## DIRECTIONS FOR THIS TASK
Within the lines below, the span from the line with "Fin novembre 2022" to the line with "Ku nshuro ya", both ends included, is to be reproduced exactly, with pictures omitted.

#### INFORMATION SHOWN

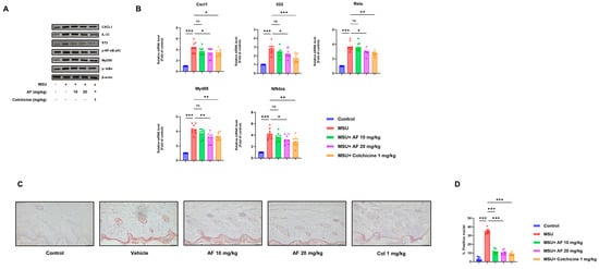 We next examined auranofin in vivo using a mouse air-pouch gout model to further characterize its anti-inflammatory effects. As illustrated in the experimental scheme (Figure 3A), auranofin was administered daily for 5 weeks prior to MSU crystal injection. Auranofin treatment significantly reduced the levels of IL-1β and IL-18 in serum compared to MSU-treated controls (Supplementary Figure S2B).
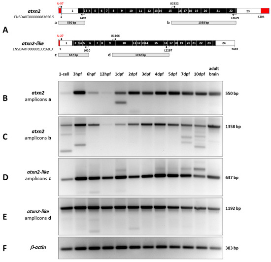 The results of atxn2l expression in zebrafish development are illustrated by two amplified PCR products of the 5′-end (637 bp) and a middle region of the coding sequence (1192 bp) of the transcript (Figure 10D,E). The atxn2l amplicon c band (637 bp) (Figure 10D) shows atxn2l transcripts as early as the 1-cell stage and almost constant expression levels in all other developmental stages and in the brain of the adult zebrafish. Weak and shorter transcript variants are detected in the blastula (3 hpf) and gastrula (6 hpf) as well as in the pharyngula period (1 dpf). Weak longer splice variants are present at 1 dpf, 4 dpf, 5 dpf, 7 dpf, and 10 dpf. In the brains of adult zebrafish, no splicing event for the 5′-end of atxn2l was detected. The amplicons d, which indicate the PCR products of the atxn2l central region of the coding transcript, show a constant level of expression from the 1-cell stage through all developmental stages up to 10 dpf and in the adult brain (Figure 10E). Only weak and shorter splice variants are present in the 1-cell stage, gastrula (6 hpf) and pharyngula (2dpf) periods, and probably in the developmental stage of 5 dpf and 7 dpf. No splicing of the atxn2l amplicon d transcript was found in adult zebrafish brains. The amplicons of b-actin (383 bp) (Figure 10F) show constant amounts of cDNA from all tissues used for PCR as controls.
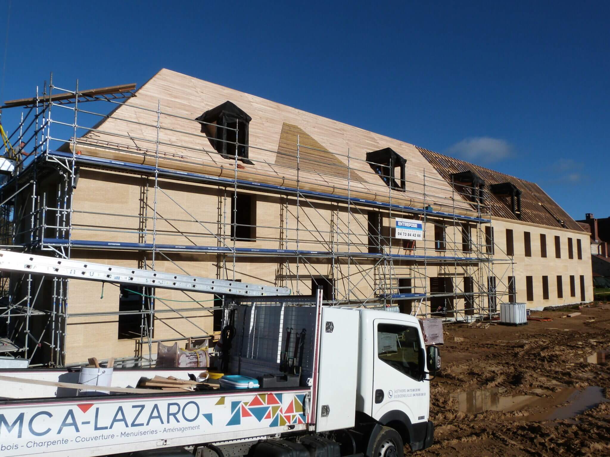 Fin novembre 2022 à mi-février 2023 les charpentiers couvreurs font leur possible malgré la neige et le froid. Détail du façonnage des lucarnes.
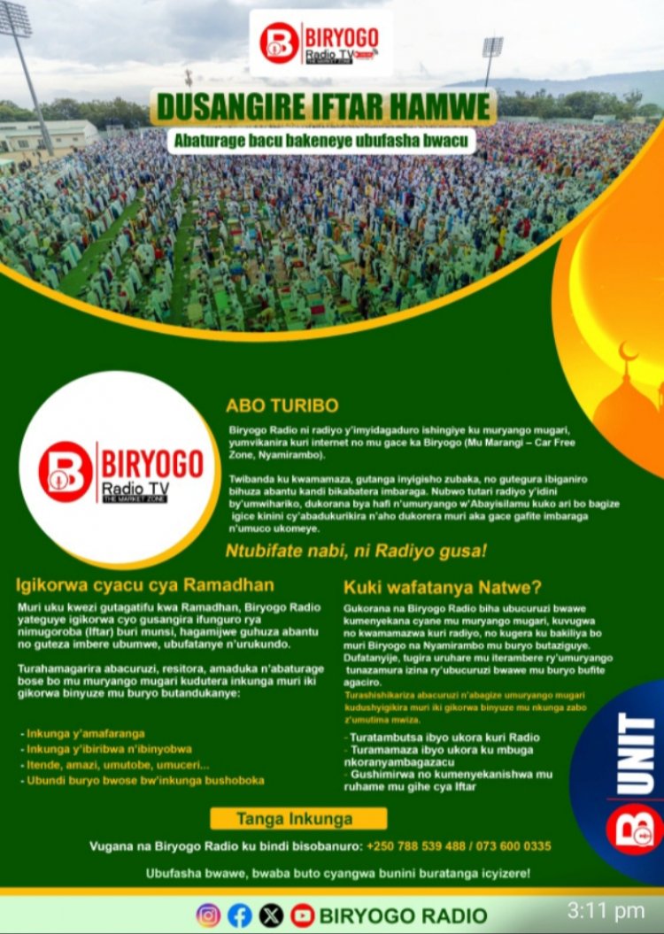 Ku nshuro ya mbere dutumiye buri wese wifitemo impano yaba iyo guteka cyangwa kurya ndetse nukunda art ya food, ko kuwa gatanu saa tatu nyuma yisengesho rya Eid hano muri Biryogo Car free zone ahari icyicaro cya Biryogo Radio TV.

########
#### INFORMATION SHOWN

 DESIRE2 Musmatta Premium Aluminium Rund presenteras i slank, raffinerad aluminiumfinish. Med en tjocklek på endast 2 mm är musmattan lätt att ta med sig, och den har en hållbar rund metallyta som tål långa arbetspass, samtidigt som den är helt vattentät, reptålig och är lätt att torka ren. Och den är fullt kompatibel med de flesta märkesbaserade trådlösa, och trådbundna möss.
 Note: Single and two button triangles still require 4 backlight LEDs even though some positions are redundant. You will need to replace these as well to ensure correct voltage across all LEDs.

########
#### INFORMATION SHOWN

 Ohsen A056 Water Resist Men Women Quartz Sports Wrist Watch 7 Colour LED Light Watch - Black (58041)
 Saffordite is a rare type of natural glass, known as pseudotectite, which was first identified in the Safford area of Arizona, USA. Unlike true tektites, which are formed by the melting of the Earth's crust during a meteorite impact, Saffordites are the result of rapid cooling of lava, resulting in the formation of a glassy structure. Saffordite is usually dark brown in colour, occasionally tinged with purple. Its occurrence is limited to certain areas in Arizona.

########

## EXERCISE RESULT
 Fin novembre 2022 à mi-février 2023 les charpentiers couvreurs font leur possible malgré la neige et le froid. Détail du façonnage des lucarnes.
 Ku nshuro ya mbere dutumiye buri wese wifitemo impano yaba iyo guteka cyangwa kurya ndetse nukunda art ya food, ko kuwa gatanu saa tatu nyuma yisengesho rya Eid hano muri Biryogo Car free zone ahari icyicaro cya Biryogo Radio TV.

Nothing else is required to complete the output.